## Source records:
----

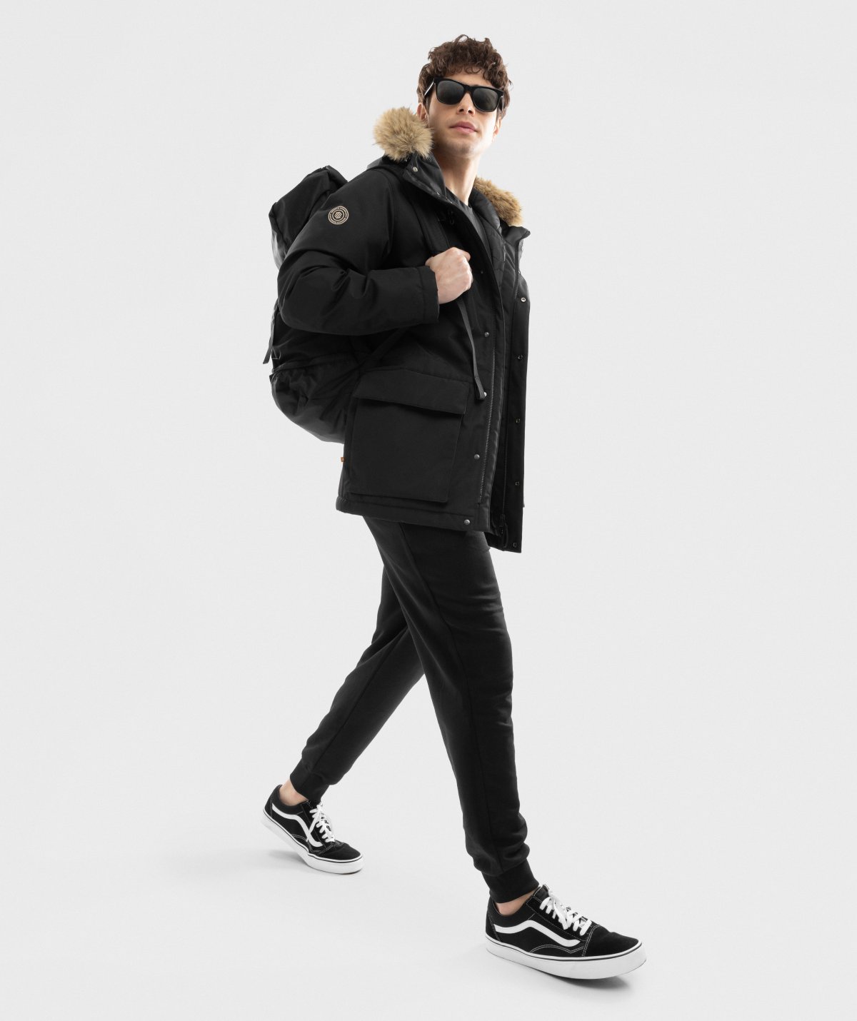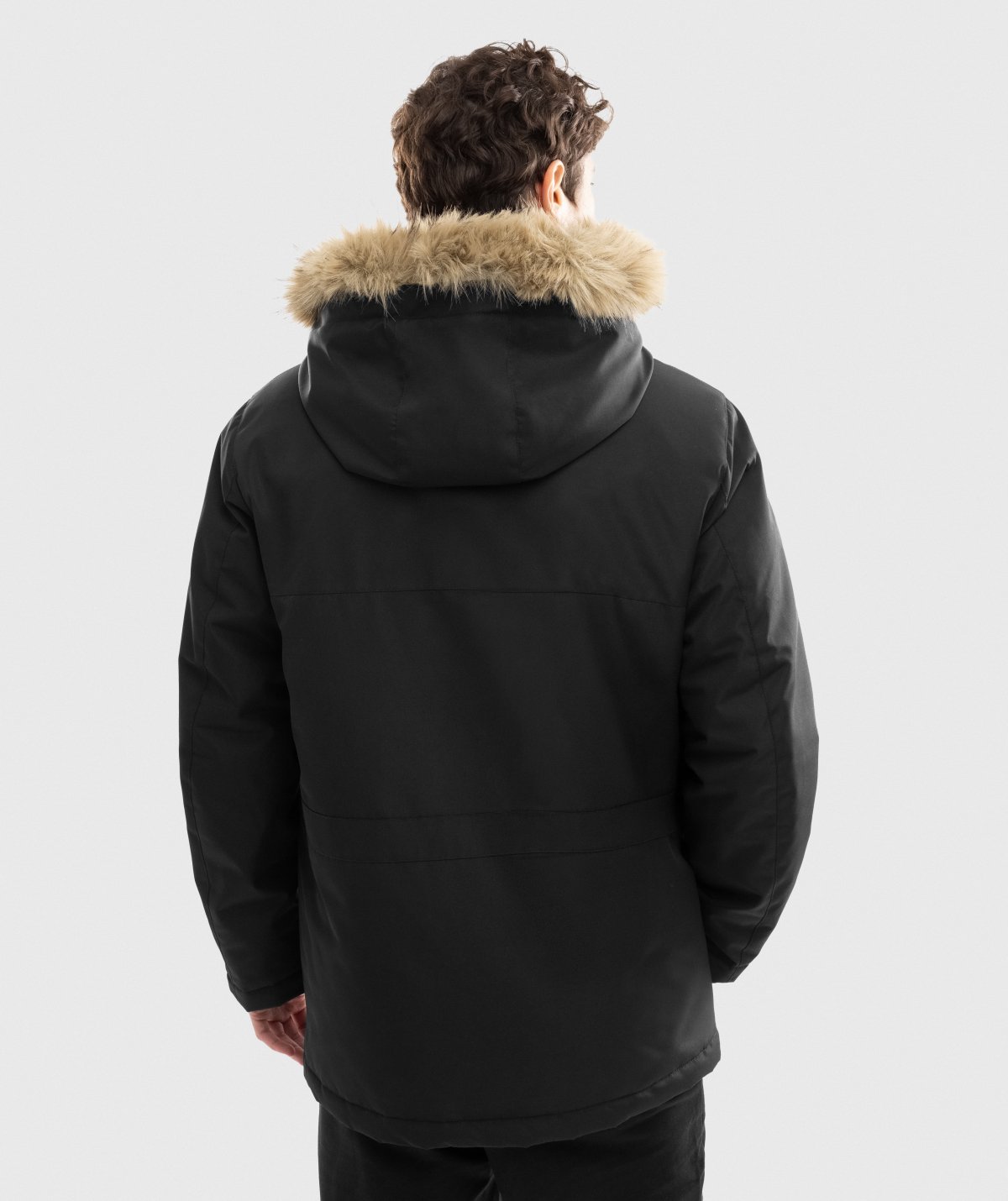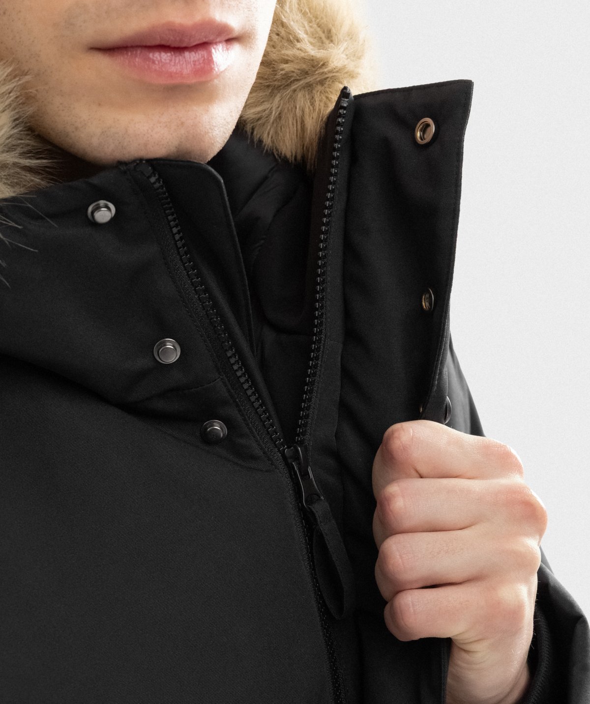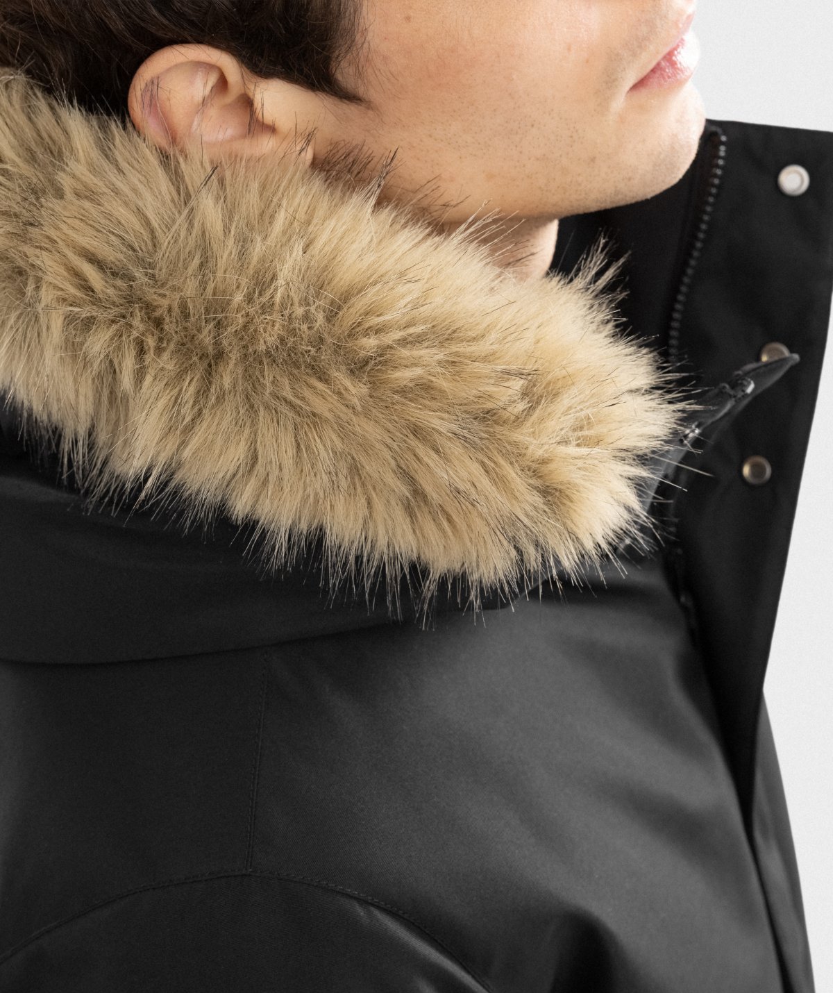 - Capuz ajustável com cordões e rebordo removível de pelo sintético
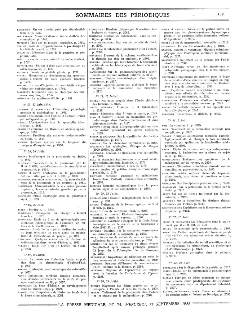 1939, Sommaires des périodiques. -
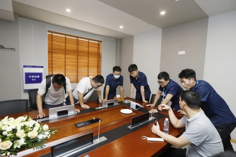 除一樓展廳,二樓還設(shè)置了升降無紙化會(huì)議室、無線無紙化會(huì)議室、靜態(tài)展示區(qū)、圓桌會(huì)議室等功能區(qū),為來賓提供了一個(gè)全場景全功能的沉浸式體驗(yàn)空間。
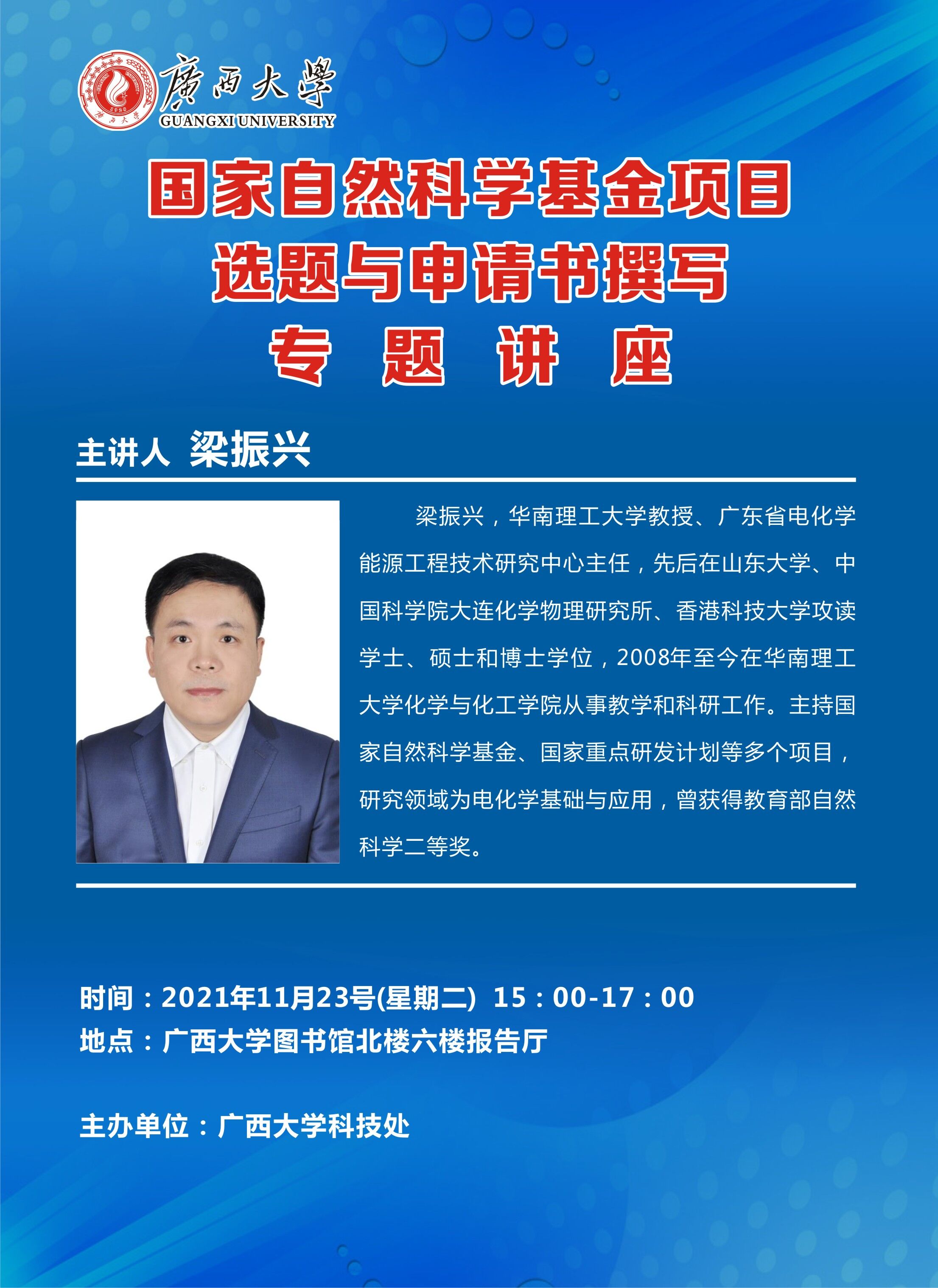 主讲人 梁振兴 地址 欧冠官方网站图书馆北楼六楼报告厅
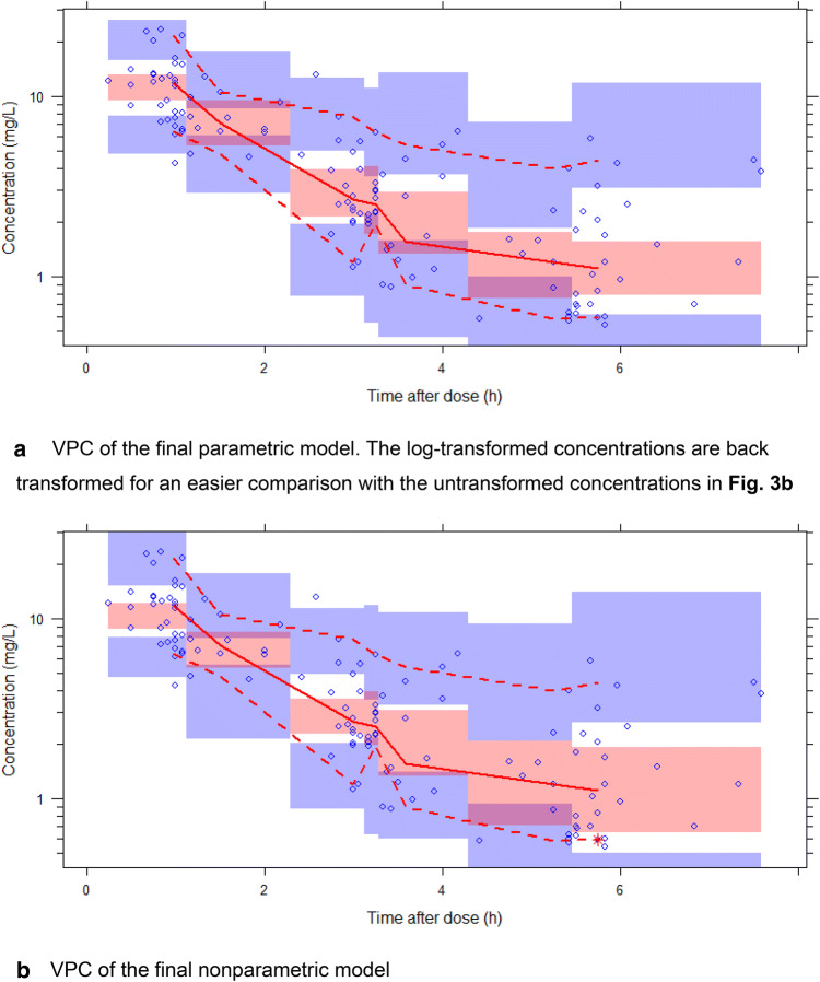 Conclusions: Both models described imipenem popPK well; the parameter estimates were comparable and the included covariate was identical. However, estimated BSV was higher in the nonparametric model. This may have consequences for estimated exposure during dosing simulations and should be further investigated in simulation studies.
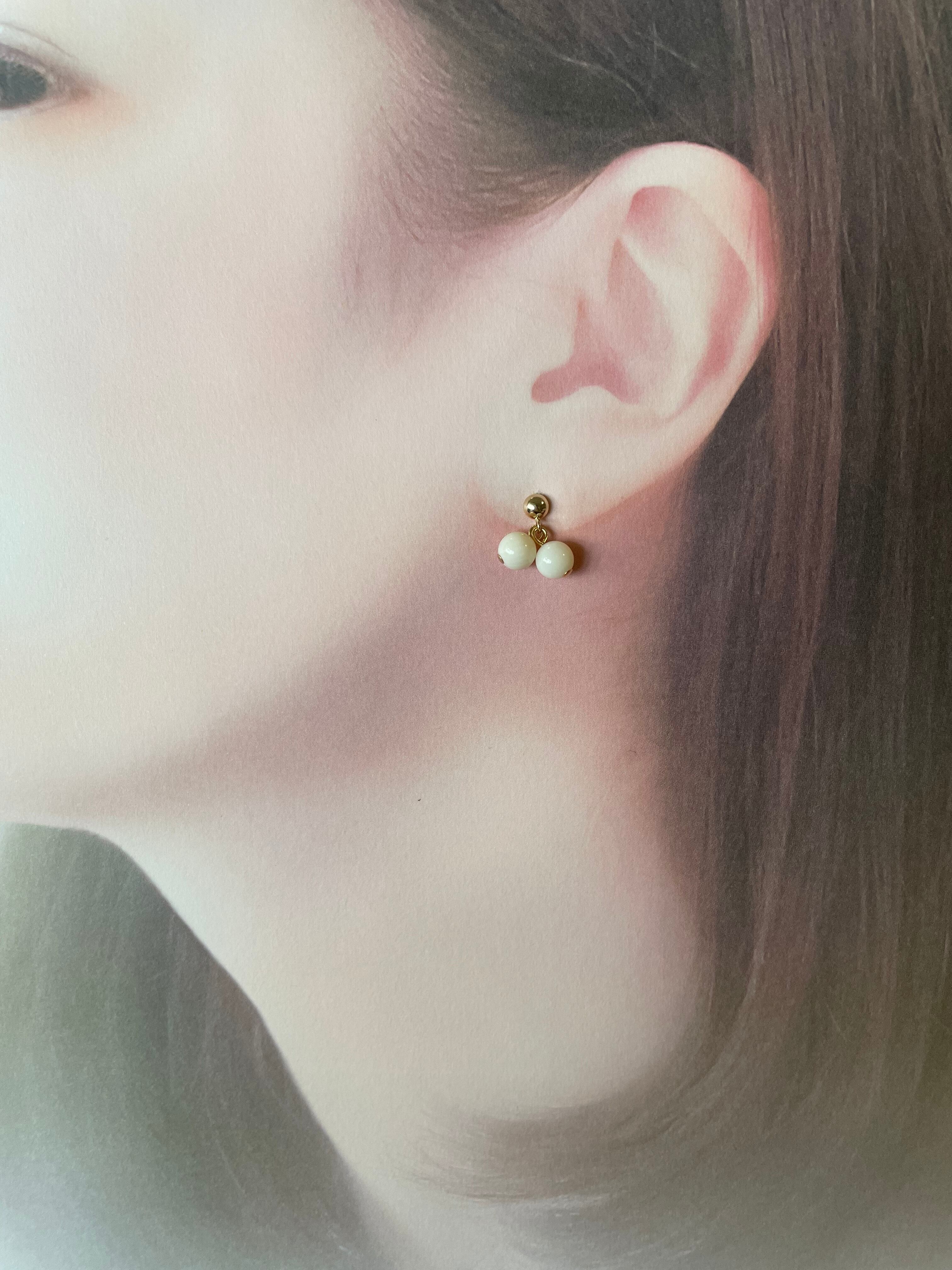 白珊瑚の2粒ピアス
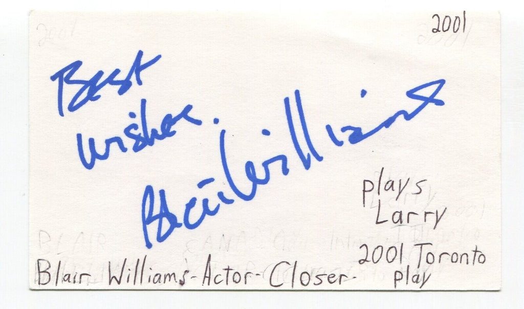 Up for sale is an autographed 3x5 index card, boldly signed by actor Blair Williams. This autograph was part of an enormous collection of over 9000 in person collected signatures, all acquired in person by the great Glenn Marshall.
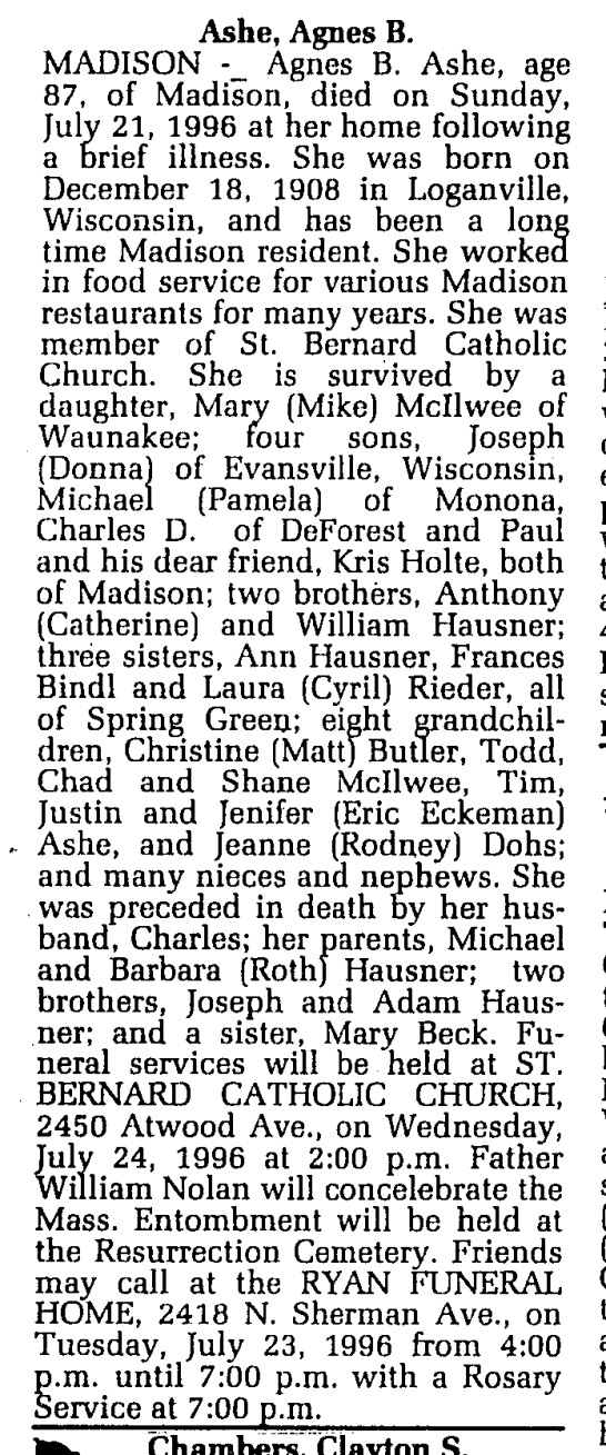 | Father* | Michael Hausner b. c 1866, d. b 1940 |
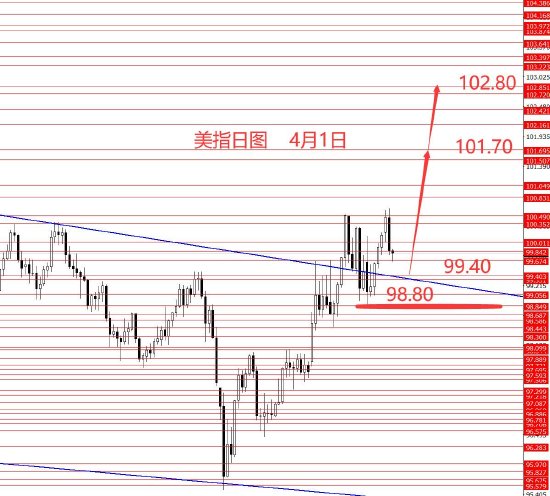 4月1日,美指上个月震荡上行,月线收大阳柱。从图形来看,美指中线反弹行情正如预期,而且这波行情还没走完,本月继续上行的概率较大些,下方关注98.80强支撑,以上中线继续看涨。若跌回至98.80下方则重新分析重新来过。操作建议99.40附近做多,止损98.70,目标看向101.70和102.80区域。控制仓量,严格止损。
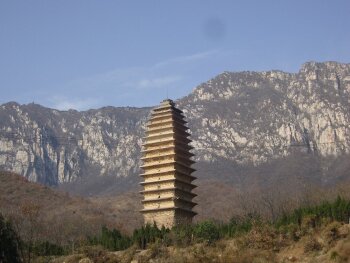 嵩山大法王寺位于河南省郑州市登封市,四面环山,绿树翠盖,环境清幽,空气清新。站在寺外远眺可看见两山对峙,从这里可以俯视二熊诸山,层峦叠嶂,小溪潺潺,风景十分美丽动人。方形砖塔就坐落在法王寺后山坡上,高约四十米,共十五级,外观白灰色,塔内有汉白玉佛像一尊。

----

## Task objective:
No picture is to appear in the copy; every entry above is otherwise to be printed verbatim.

## Response below:
 - Capuz ajustável com cordões e rebordo removível de pelo sintético
 1939, Sommaires des périodiques. -
 除一樓展廳,二樓還設(shè)置了升降無紙化會(huì)議室、無線無紙化會(huì)議室、靜態(tài)展示區(qū)、圓桌會(huì)議室等功能區(qū),為來賓提供了一個(gè)全場景全功能的沉浸式體驗(yàn)空間。
 主讲人 梁振兴 地址 欧冠官方网站图书馆北楼六楼报告厅
 Conclusions: Both models described imipenem popPK well; the parameter estimates were comparable and the included covariate was identical. However, estimated BSV was higher in the nonparametric model. This may have consequences for estimated exposure during dosing simulations and should be further investigated in simulation studies.
 白珊瑚の2粒ピアス
 Up for sale is an autographed 3x5 index card, boldly signed by actor Blair Williams. This autograph was part of an enormous collection of over 9000 in person collected signatures, all acquired in person by the great Glenn Marshall.
 | Father* | Michael Hausner b. c 1866, d. b 1940 |
 4月1日,美指上个月震荡上行,月线收大阳柱。从图形来看,美指中线反弹行情正如预期,而且这波行情还没走完,本月继续上行的概率较大些,下方关注98.80强支撑,以上中线继续看涨。若跌回至98.80下方则重新分析重新来过。操作建议99.40附近做多,止损98.70,目标看向101.70和102.80区域。控制仓量,严格止损。
 嵩山大法王寺位于河南省郑州市登封市,四面环山,绿树翠盖,环境清幽,空气清新。站在寺外远眺可看见两山对峙,从这里可以俯视二熊诸山,层峦叠嶂,小溪潺潺,风景十分美丽动人。方形砖塔就坐落在法王寺后山坡上,高约四十米,共十五级,外观白灰色,塔内有汉白玉佛像一尊。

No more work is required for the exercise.